= Exercise prompt =
Only the pictures are to be left out; the listing itself is repeated exactly.

= Collected data =
##############################

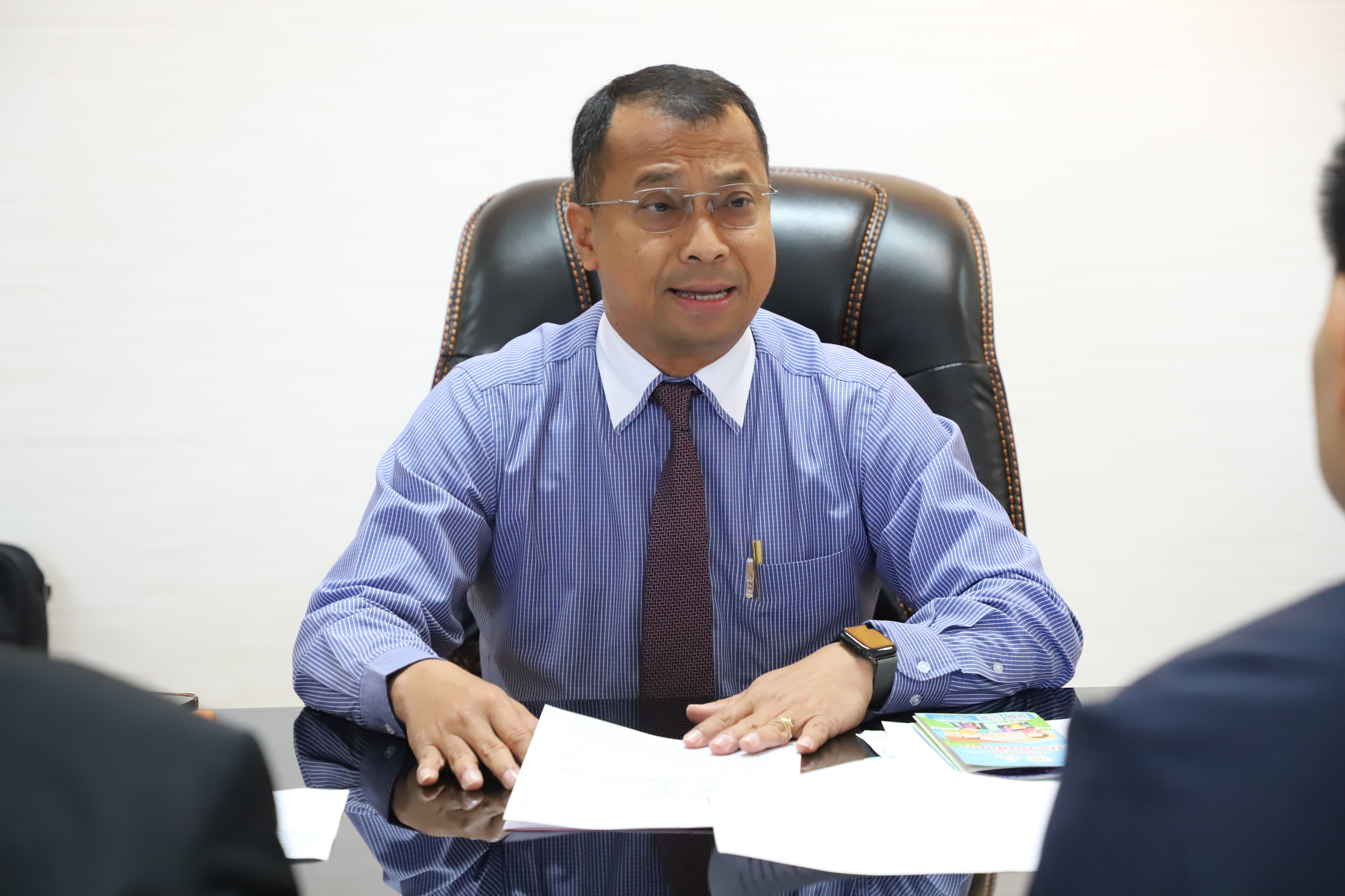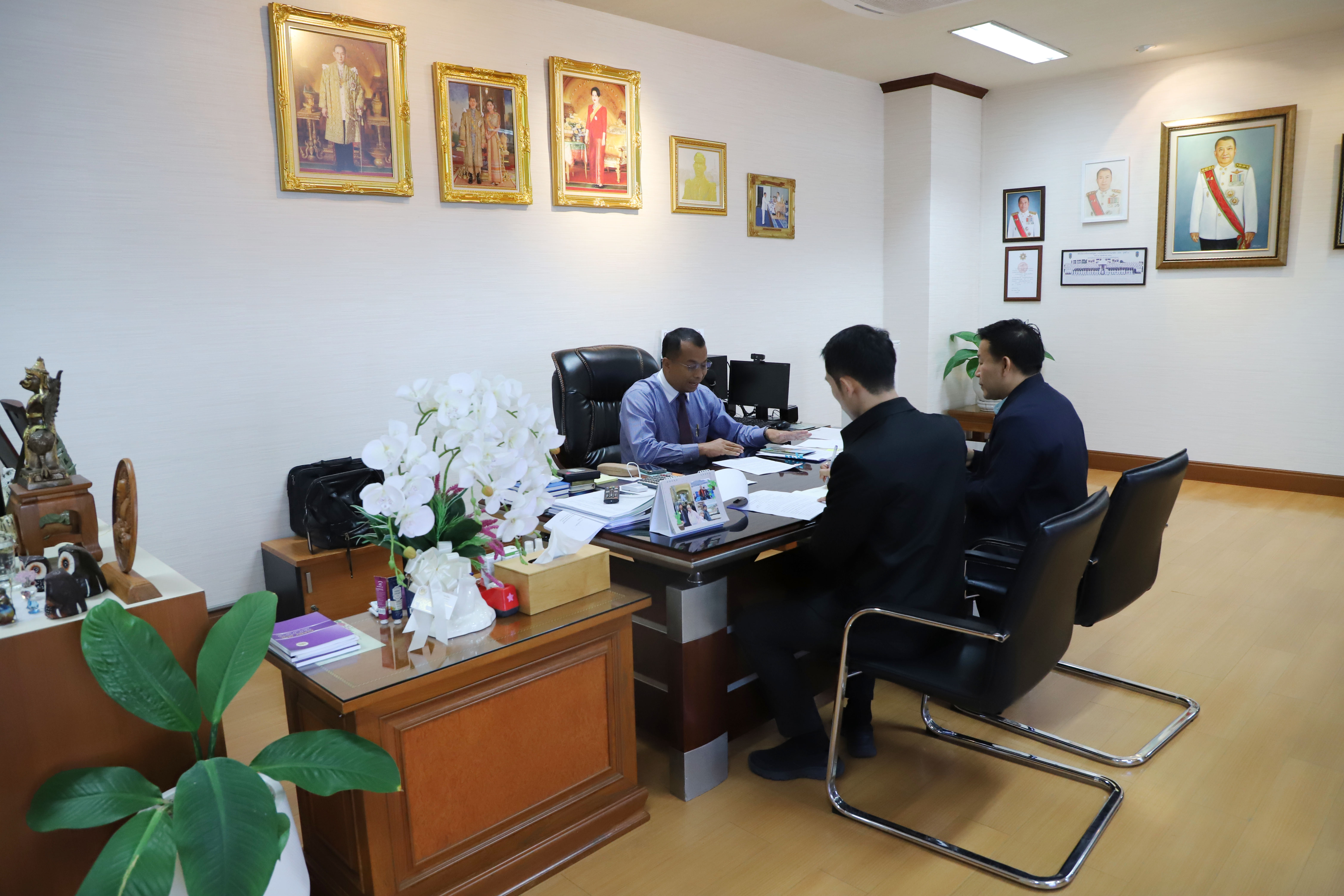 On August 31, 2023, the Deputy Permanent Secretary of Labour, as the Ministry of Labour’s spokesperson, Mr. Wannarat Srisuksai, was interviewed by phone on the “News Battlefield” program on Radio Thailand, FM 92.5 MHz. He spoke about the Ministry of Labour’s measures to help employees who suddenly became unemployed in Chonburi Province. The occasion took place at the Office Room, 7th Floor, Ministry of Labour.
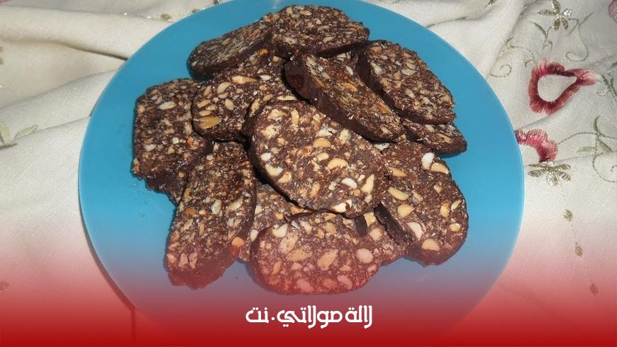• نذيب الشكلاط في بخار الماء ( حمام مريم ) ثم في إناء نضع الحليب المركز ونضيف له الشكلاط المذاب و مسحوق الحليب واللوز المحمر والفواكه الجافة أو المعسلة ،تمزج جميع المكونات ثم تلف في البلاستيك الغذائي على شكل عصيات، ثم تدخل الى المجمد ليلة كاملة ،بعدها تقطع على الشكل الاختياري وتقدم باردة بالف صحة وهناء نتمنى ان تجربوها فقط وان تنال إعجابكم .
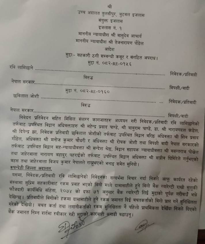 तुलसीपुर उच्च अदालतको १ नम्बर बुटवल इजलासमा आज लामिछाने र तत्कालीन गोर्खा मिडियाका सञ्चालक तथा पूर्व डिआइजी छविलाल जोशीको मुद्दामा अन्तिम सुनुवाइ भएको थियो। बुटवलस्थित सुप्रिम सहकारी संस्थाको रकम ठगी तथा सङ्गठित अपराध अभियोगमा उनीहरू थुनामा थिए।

##############################

= Solution for this task =
 On August 31, 2023, the Deputy Permanent Secretary of Labour, as the Ministry of Labour’s spokesperson, Mr. Wannarat Srisuksai, was interviewed by phone on the “News Battlefield” program on Radio Thailand, FM 92.5 MHz. He spoke about the Ministry of Labour’s measures to help employees who suddenly became unemployed in Chonburi Province. The occasion took place at the Office Room, 7th Floor, Ministry of Labour.
• نذيب الشكلاط في بخار الماء ( حمام مريم ) ثم في إناء نضع الحليب المركز ونضيف له الشكلاط المذاب و مسحوق الحليب واللوز المحمر والفواكه الجافة أو المعسلة ،تمزج جميع المكونات ثم تلف في البلاستيك الغذائي على شكل عصيات، ثم تدخل الى المجمد ليلة كاملة ،بعدها تقطع على الشكل الاختياري وتقدم باردة بالف صحة وهناء نتمنى ان تجربوها فقط وان تنال إعجابكم .
 तुलसीपुर उच्च अदालतको १ नम्बर बुटवल इजलासमा आज लामिछाने र तत्कालीन गोर्खा मिडियाका सञ्चालक तथा पूर्व डिआइजी छविलाल जोशीको मुद्दामा अन्तिम सुनुवाइ भएको थियो। बुटवलस्थित सुप्रिम सहकारी संस्थाको रकम ठगी तथा सङ्गठित अपराध अभियोगमा उनीहरू थुनामा थिए।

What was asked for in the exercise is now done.